Dataset excerpt below:
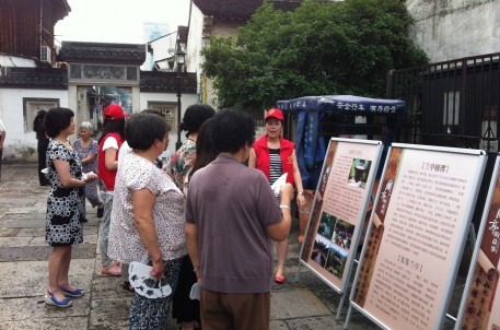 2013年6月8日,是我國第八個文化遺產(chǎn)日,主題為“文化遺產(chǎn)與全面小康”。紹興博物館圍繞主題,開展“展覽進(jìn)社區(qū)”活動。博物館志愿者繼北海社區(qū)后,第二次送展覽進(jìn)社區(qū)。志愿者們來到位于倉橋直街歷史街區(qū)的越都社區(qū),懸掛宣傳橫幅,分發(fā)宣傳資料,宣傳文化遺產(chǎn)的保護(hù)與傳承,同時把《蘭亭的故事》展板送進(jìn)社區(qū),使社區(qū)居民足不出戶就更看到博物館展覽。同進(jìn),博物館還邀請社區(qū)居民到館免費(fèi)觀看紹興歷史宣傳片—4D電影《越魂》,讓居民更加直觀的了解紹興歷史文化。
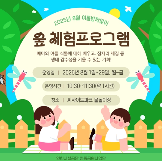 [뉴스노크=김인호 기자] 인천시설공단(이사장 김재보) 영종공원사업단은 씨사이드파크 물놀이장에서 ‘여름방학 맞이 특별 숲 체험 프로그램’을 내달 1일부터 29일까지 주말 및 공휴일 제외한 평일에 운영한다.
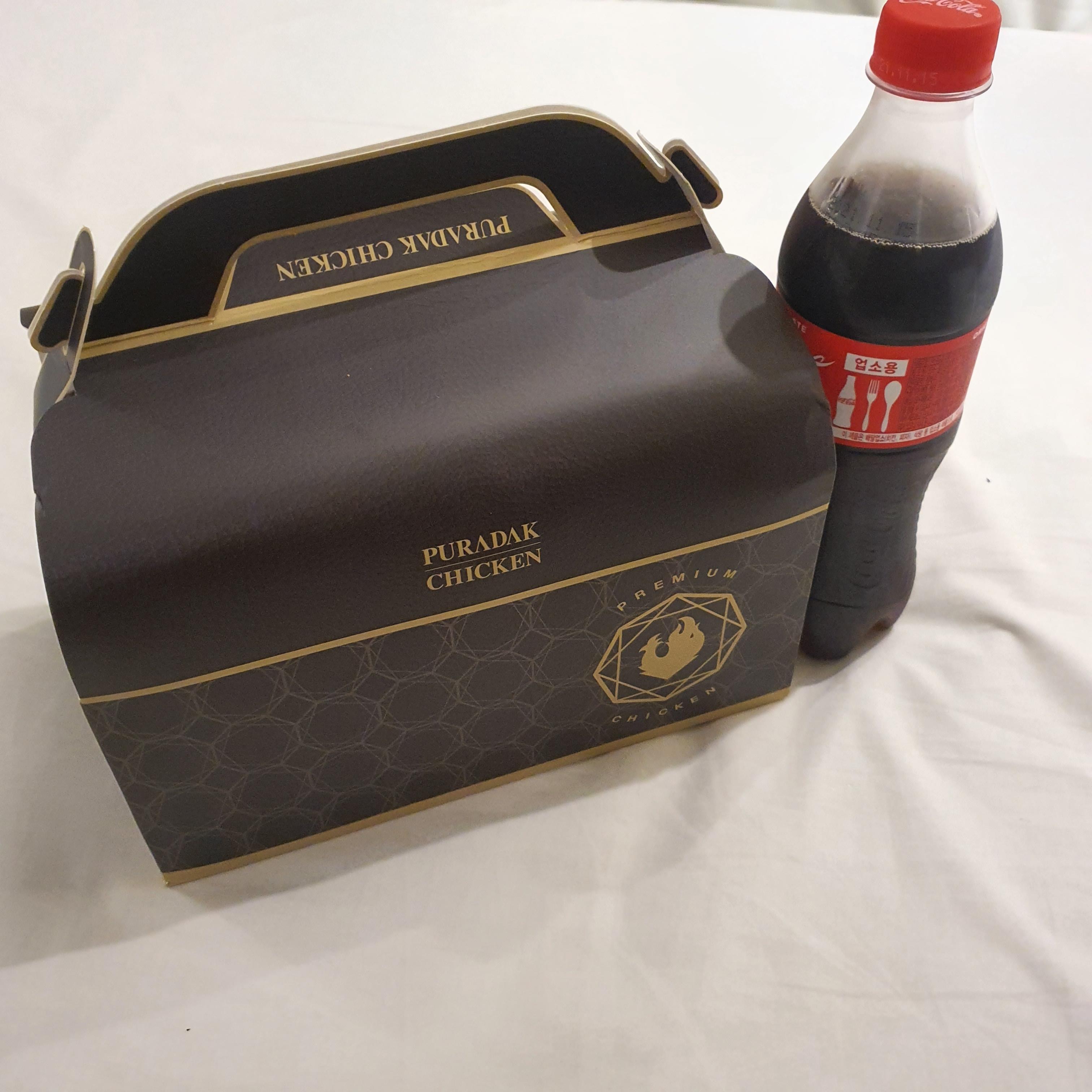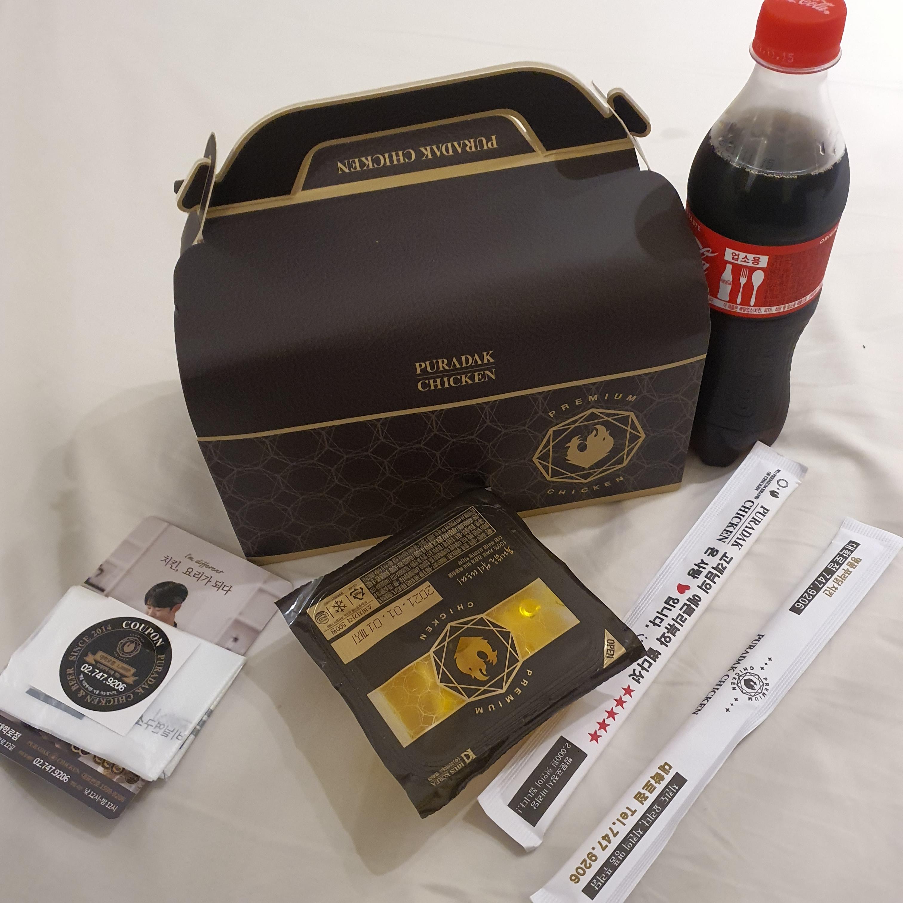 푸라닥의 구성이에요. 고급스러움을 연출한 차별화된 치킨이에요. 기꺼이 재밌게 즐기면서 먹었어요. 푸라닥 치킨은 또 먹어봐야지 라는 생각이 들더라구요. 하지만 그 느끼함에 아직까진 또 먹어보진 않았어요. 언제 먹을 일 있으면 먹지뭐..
End of Dataset excerpt.
• [Work item]: Could you reproduce the data above exactly, without its pictures?

• [Result for this exercise]:
 2013年6月8日,是我國第八個文化遺產(chǎn)日,主題為“文化遺產(chǎn)與全面小康”。紹興博物館圍繞主題,開展“展覽進(jìn)社區(qū)”活動。博物館志愿者繼北海社區(qū)后,第二次送展覽進(jìn)社區(qū)。志愿者們來到位于倉橋直街歷史街區(qū)的越都社區(qū),懸掛宣傳橫幅,分發(fā)宣傳資料,宣傳文化遺產(chǎn)的保護(hù)與傳承,同時把《蘭亭的故事》展板送進(jìn)社區(qū),使社區(qū)居民足不出戶就更看到博物館展覽。同進(jìn),博物館還邀請社區(qū)居民到館免費(fèi)觀看紹興歷史宣傳片—4D電影《越魂》,讓居民更加直觀的了解紹興歷史文化。
 [뉴스노크=김인호 기자] 인천시설공단(이사장 김재보) 영종공원사업단은 씨사이드파크 물놀이장에서 ‘여름방학 맞이 특별 숲 체험 프로그램’을 내달 1일부터 29일까지 주말 및 공휴일 제외한 평일에 운영한다.
 푸라닥의 구성이에요. 고급스러움을 연출한 차별화된 치킨이에요. 기꺼이 재밌게 즐기면서 먹었어요. 푸라닥 치킨은 또 먹어봐야지 라는 생각이 들더라구요. 하지만 그 느끼함에 아직까진 또 먹어보진 않았어요. 언제 먹을 일 있으면 먹지뭐..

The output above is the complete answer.